I cannot say whether the epigram is good or bad; I will leave the question to be decided by the Academy, which is learned in such matters, since it accepted M. de Sainte-Aulaire because of a quatrain. But I know very well that all the people I had seen the previous day laughing at the Lafarge family, on the morrow laughed at the Picot family.

Since the death of Demoustier there had not been an unpublished verse circulated in our little town; so Auguste's eight lines made a great sensation for eight days after.

I confess that the stir made over an absent man dazzled me. I was fired with ambition to have the glory attached to me of being talked of when away, and at the Abbé Grégoire's first lesson I begged him to teach me to make French verses, instead of insisting so tiresomely on my making Latin ones.

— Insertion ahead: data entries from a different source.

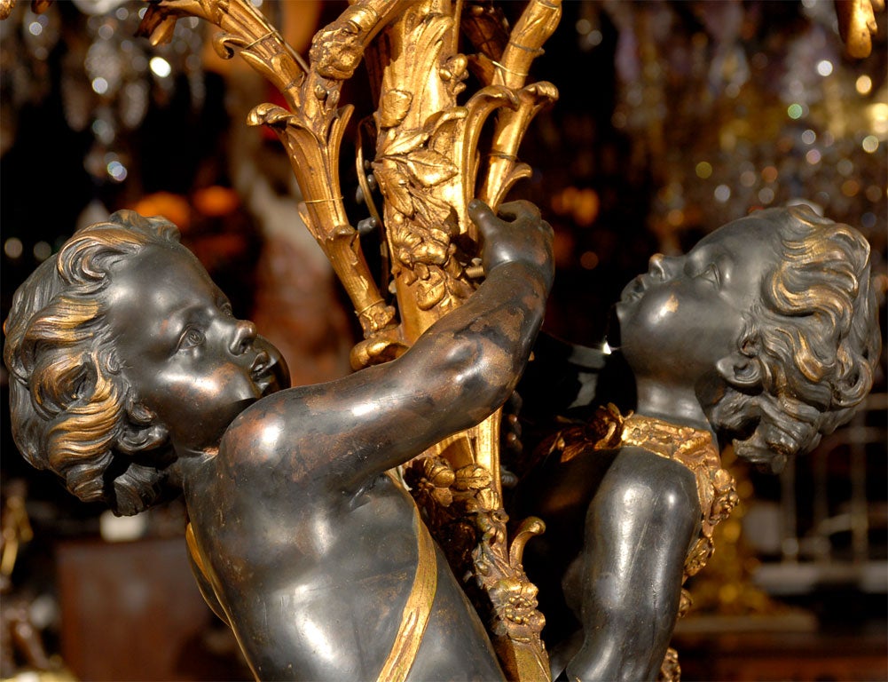 A superb pair of five-light gilt and patinated bronze electrified candelabrum featuring cherubs supporting a naturalistic branch type candelabra signed “Forest Paris.”
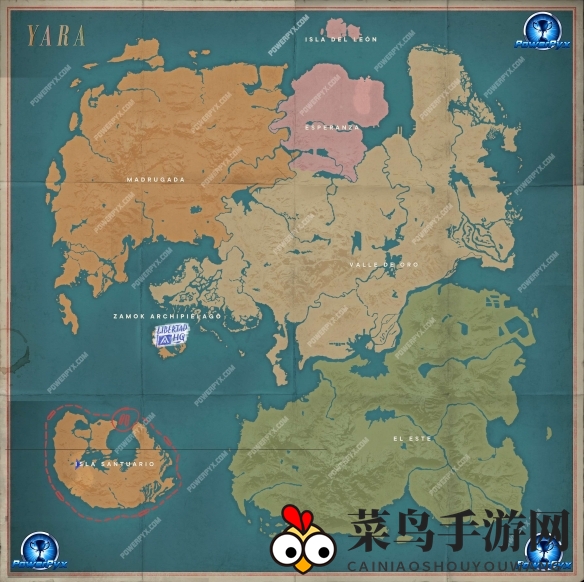 地图划分为6个区域:桑图里奥岛、自由总部、马德鲁加达、瓦莱德奥罗、埃斯特、埃斯佩兰萨。
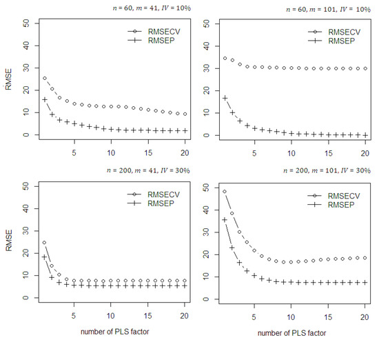 The PLSR model [14] is an iterative procedure of the multivariate statistical method. The method is used to derive original predictor variables that may have a multicollinearity problem into smaller uncorrelated new variables called components. The PLSR constructs a regression model using the new components against its response variable through covariance structure of these two spaces. In chemometric analysis, the PLSR has been widely used for dimensional reduction of high dimensionality problem in the NIR spectral dataset (see [37,38]). In this study, we limited the study only in the case of , where refers to the number of observations, and represents the number of predictor variables.

These lines of Auguste Lafarge were the first rays of light thrown upon my life; he kindled in me ambitions vague and nebulous until then; things which had been dreams rather than definite ideas, aspirations rather than determinations.

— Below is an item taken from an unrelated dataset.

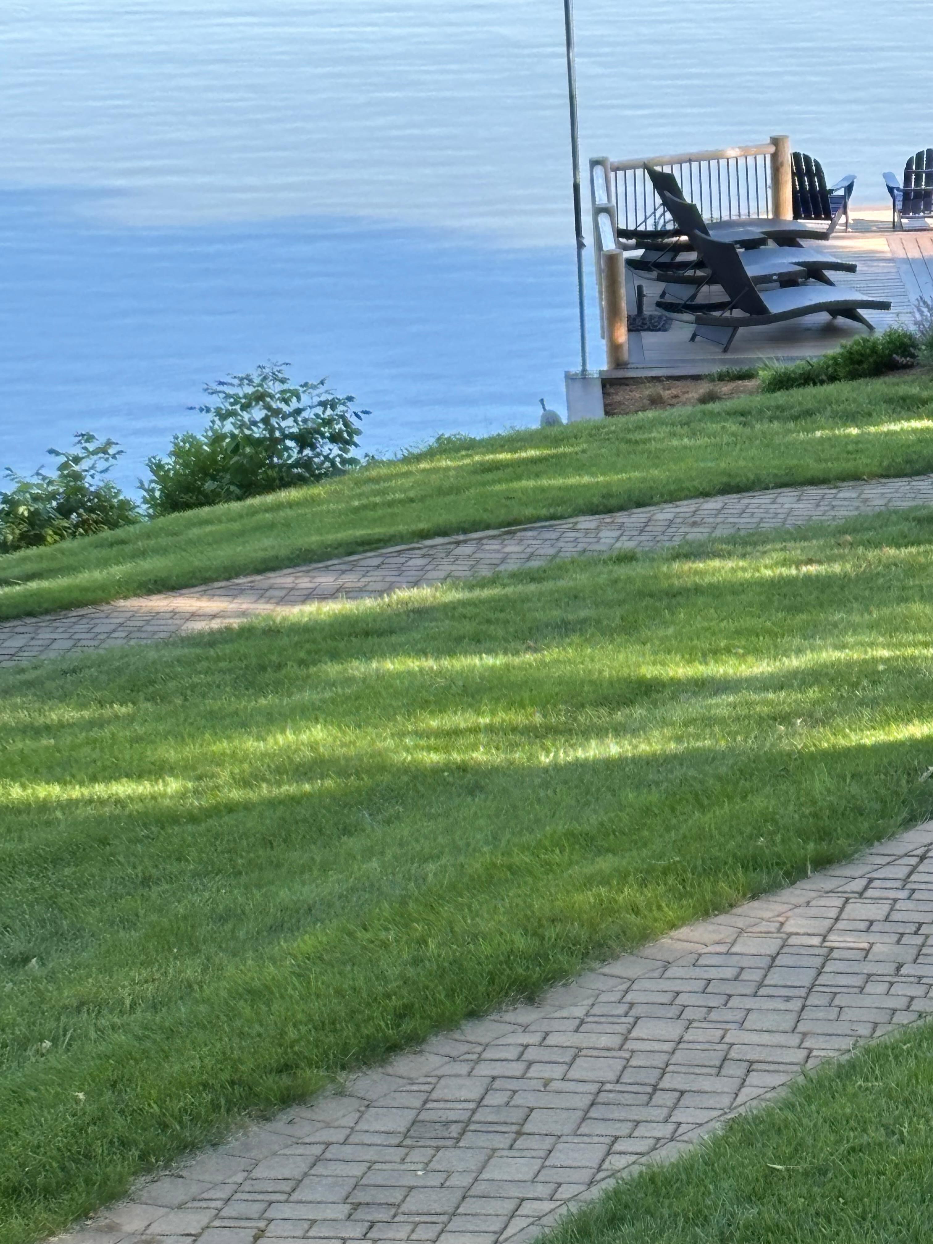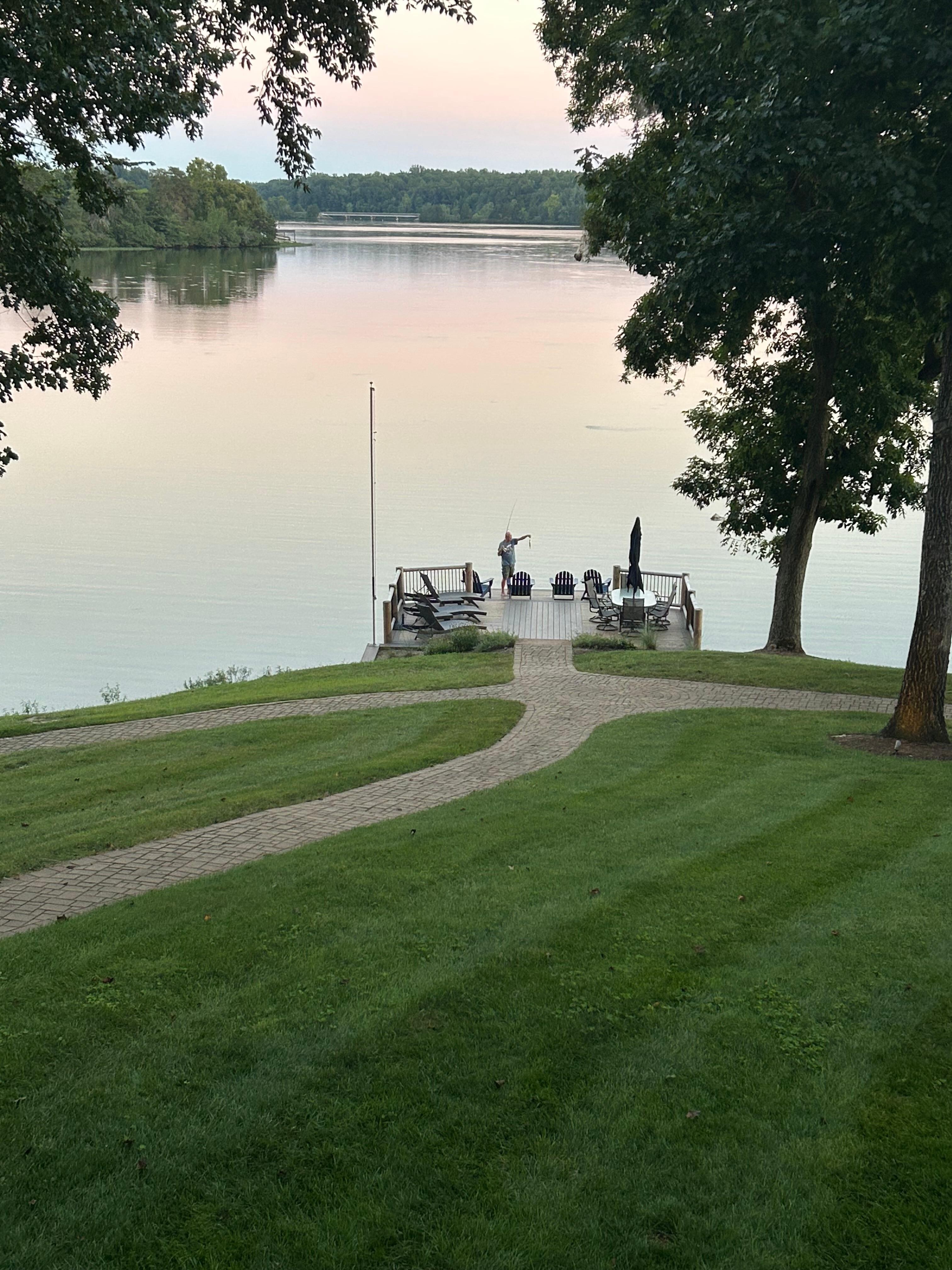 + Take a break on the waterside stone patio as you watch lake activities and wildlife pass by from your vantage point perched upon a small hill overlooking the lake.

And it will be seen that Auguste Lafarge's influence on me was continued by Adolphe de Leuven.

I asked Abbé Grégoire to teach me to make French verses, for he was the official poet of the countryside.

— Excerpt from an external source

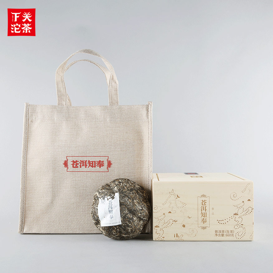 660克布袋木盒裝蒼洱知奉金瓜茶 普洱茶(生茶)2019
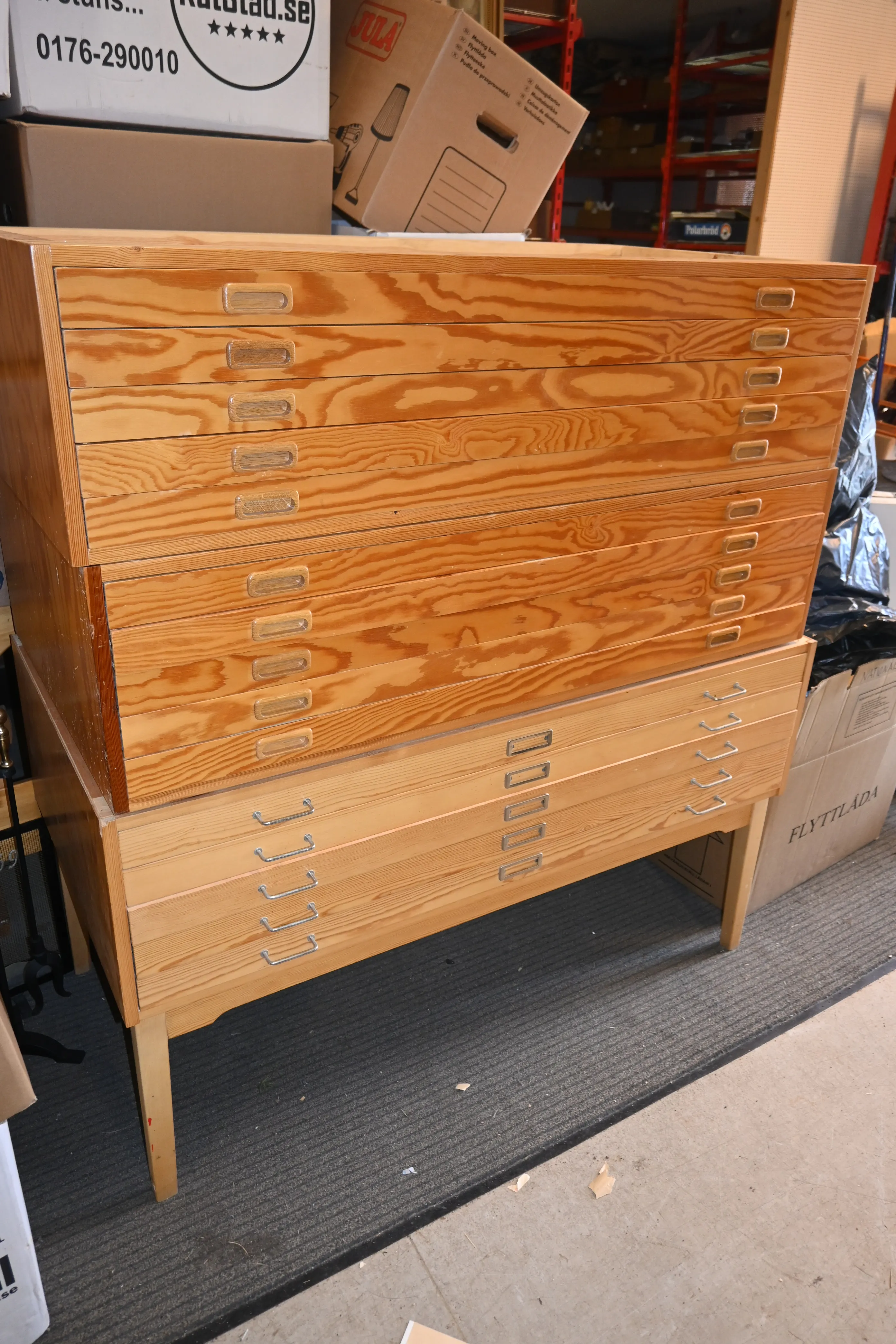 614. Ritningsskåp 3delat 5 lådor i varje del H.143cm B.135cm Dj.68cm

I have said that since the days of Demoustier not an unpublished poem had tickled the wits of my fellow townspeople; but I am mistaken; for at every festival, at all christenings or baptisms of any importance, the Abbé Grégoire was called upon in his capacity as poet.

I have never seen more worthy verses than his were; therefore, when I made this request, which would have been tolerably presumptuous made to Hugo or Lamartine, "Teach me to make French verses," the Abbé Grégoire was not in the least taken aback, but answered simply—

"I shall be delighted; but you will be tired of it, as you are of everything else, at the end of a week."